If you’re looking for recipes for healthy meals and living your fullest, most vibrant food-life…you’re in the very wrong place. But if you want to read about how I cooked (yuck) tofu (double yuck) and actually liked it (whaaaaaaat?), then meet me, your Malcontent Cook.

I never learned to cook. Well, that’s not true, exactly. I was never taught to cook growing up because, reasons. I was…ahem…gifted some cooking lessons as an engagement gift from my mother (part of the aforementioned reasons I never learned to cook) and it was a cruel but useful present. Cruel, because my lack of cooking skills has become a long-running joke, but useful because I did become less frightened about cooking a few meals (it’s a real thing – look it up).

Anyway, now I’m super fat because, again, reasons, and apparently changes need be made. I fear cooking and I fear healthy foods because having Crohns’ disease means healthier doesn’t always mean better for me. Definitely not easier.

This week is our first week of shopping and eating per the guidelines of my bariatric program. This week is also my third week of feeling crappy from whatever germs my loving son shared with me, so I was all ready to wallow in comfort food. But I didn’t want to give up so soon. So easily.

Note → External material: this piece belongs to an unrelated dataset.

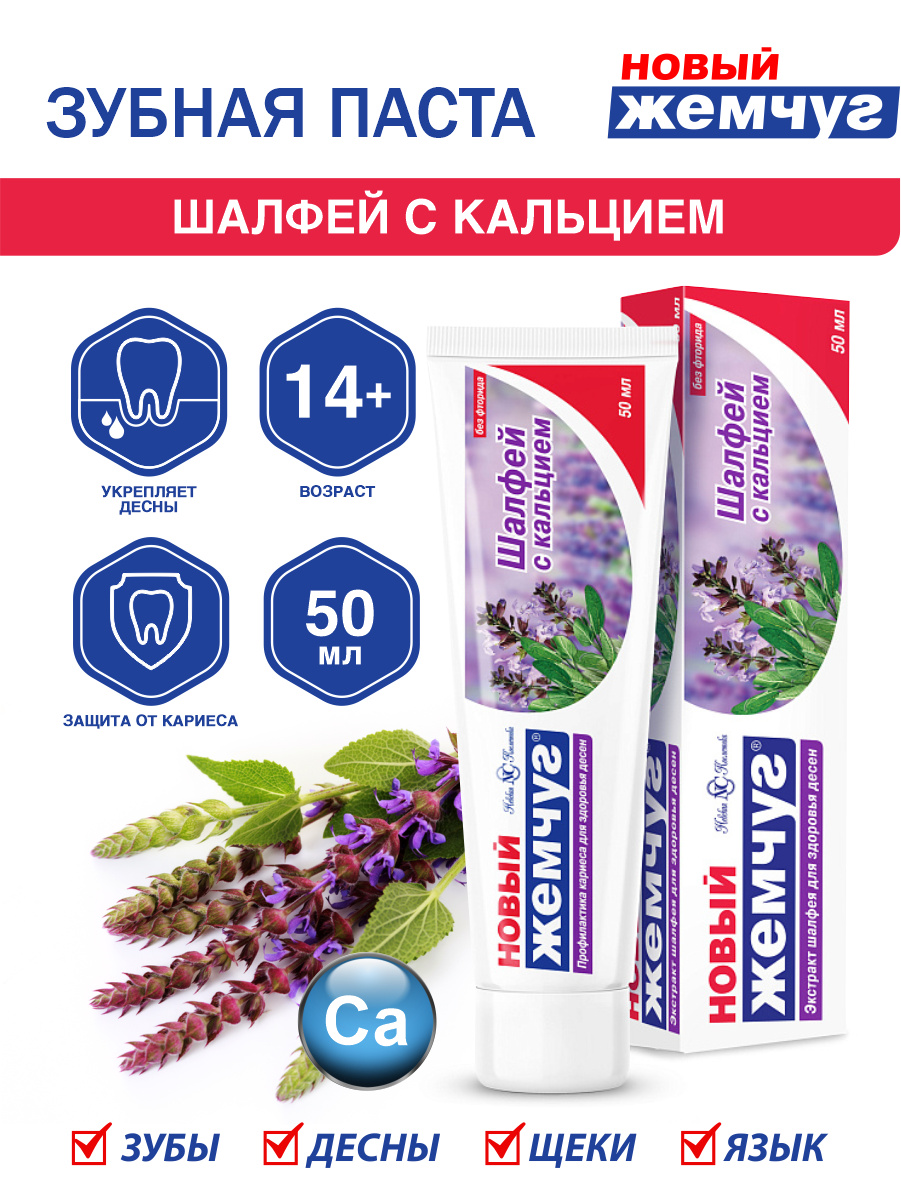 Зубная паста Новый Жемчуг Шалфей с кальцием, 50 мл

So I rushed home and cooked the below meal: teriyaki tofu with brown rice and steamed broccoli. Long story short: it didn’t suck. In fact, the husband and I both really enjoyed it. My son, who eats very few items, said it smelled like chicken.

So, once again, the hippie/vegetarian friends in my life were correct. Tofu doesn’t suck. Damn those nature-loving SOBs whom I love so much.

tofu

PS Thank the gawds for my lovely friend Briana Michaels for talking me through my panic attack while cooking this meal. She writes awesome, paranormal romance novels and you should definitely check her out, buy her books, and send her some love.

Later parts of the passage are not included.